In this healthcare analytics project, I present a comprehensive analysis of hospital data to enhance healthcare management and improve patient outcomes. Leveraging advanced tools and technologies, including IBM Cognos Analytics, DB2 Database, Excel, Python, Google Colaboratory, and Github, I delve into data-driven insights and recommendations for optimizing resource allocation and patient care.
The objective of this project was to employ data analytics techniques to enhance the efficiency of healthcare management in hospitals, with a primary focus on predicting and optimizing patient length of stay. By leveraging insightful analysis, our aim was to empower hospitals to make data-driven decisions for resource allocation and improve overall functioning.
Tools and Technologies:
For this project, we utilized cutting-edge tools and technologies including IBM Cognos Analytics, IBM Db2 Database, Excel, Python, Google Collaboratory, GitHub.

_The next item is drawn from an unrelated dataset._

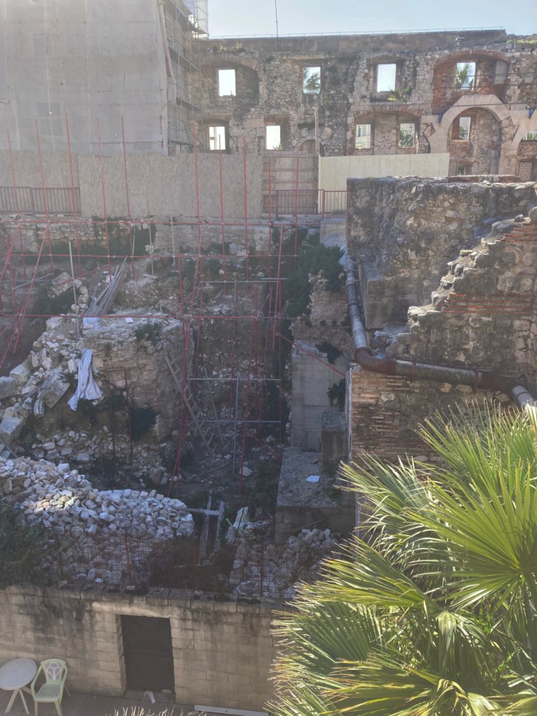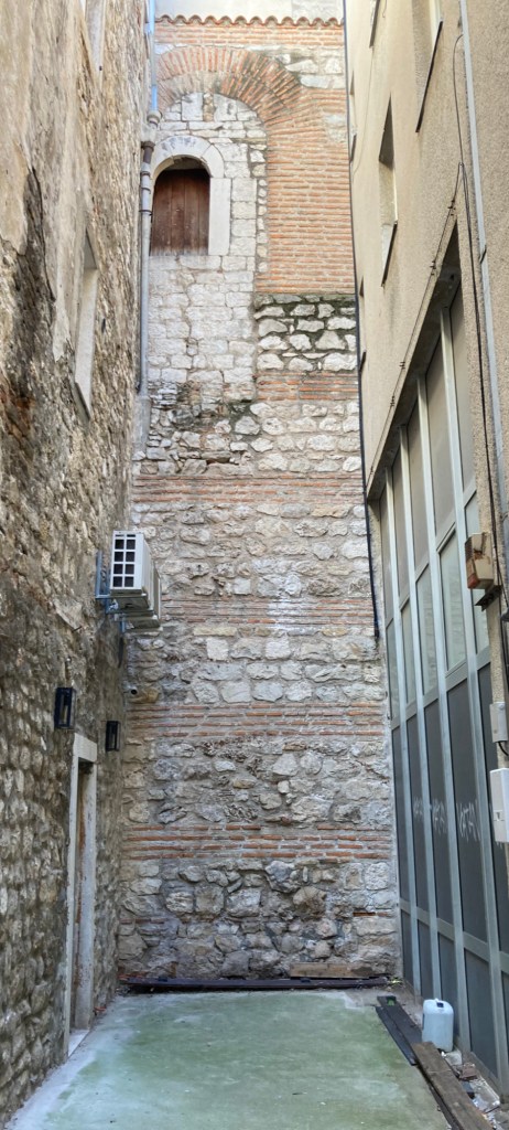 The original seaside wall of the palace is visible in the upper half here. You have to imagine open arches between the columns where you could view the Adriatic as you strolled.

These robust platforms provided us with the capabilities to perform comprehensive healthcare data analysis and derive meaningful insights.
Our analysis uncovered several noteworthy findings that shed light on important aspects of hospital operations and patient care. These findings include:
Trauma admissions accounted for the highest percentage of patients (30.4%).

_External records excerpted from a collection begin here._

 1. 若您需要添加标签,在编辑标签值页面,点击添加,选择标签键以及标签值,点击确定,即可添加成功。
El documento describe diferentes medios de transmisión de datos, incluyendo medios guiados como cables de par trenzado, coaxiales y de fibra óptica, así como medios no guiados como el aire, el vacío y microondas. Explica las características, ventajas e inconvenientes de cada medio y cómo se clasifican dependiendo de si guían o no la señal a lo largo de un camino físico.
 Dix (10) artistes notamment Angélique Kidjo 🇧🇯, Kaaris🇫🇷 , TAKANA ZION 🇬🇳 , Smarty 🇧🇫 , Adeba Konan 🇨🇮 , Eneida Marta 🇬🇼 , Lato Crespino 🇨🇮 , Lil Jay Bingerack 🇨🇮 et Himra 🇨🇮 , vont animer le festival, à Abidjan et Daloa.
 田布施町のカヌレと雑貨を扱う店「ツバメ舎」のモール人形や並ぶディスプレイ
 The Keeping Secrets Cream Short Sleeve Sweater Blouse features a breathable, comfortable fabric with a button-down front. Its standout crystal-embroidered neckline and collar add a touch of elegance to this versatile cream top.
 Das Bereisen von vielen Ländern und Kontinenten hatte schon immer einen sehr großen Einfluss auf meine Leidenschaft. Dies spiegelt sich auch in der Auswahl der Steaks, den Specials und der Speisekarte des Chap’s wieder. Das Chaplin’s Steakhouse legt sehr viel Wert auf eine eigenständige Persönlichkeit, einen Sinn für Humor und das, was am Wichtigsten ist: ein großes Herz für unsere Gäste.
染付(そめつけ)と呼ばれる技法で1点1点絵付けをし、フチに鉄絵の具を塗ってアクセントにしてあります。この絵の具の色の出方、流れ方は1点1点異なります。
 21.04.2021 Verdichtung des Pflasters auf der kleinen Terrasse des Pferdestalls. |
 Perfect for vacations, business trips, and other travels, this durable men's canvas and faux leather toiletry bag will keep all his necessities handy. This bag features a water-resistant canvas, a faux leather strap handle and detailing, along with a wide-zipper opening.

A small fraction (2.3%) of trauma admissions required stays exceeding 100 days.
Prolonged stays were also observed in emergency and urgent admissions.
Gynecology cases exhibited a moderate volume with generally moderate severity.

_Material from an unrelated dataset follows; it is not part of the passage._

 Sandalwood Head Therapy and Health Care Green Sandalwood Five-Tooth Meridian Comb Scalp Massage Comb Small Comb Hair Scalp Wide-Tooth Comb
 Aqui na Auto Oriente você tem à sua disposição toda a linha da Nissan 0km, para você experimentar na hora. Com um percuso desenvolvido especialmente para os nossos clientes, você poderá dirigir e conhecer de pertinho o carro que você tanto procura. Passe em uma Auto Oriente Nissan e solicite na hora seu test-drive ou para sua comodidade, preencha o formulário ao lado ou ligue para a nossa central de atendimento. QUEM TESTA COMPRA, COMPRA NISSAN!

Patients with moderate illnesses constituted a larger proportion compared to those with extreme or minor conditions.
Trauma admissions were frequent, while urgent admissions were relatively lower.
Among the five wards, Ward R recorded the highest number of cases, indicating a need for targeted resource allocation.
Hospital code 26 stands out with a notable surplus of available rooms, surpassing other hospital types. This observation presents valuable insights into the potential for optimizing capacity and enhancing resource utilization effectively.
As the team leader for this project, I effectively coordinated and guided our team through the comprehensive analysis of hospital admissions data. Through collaborative efforts, we generated significant insights into patient demographics, illness severity, admission types, ward distribution, and hospital utilization patterns. The culmination of our work resulted in the development of a robust predictive model capable of estimating the length of stay for each patient on a case-by-case basis. This valuable information equips hospitals with the ability to optimize resource allocation and enhance overall operational efficiency.
This project not only demonstrated my adeptness in leading and managing a team but also showcased my proficiency in data analytics. The derived outcomes present valuable insights for healthcare resource allocation and improved patient care. By leveraging data-driven strategies, our project contributed to the transformation of healthcare management practices, establishing a solid foundation for enhanced efficiency and superior patient outcomes. Overall, this project serves as a testament to my capabilities as skilled data analytics professional, underscoring my unwavering commitment to utilizing data for meaningful insights and driving positive impact within the healthcare industry.
I take great pride in receiving a certificate of completion for successfully conducting a comprehensive analysis of hospital admissions. This recognition validates my strong analytical skills and ability to derive actionable insights from complex healthcare data.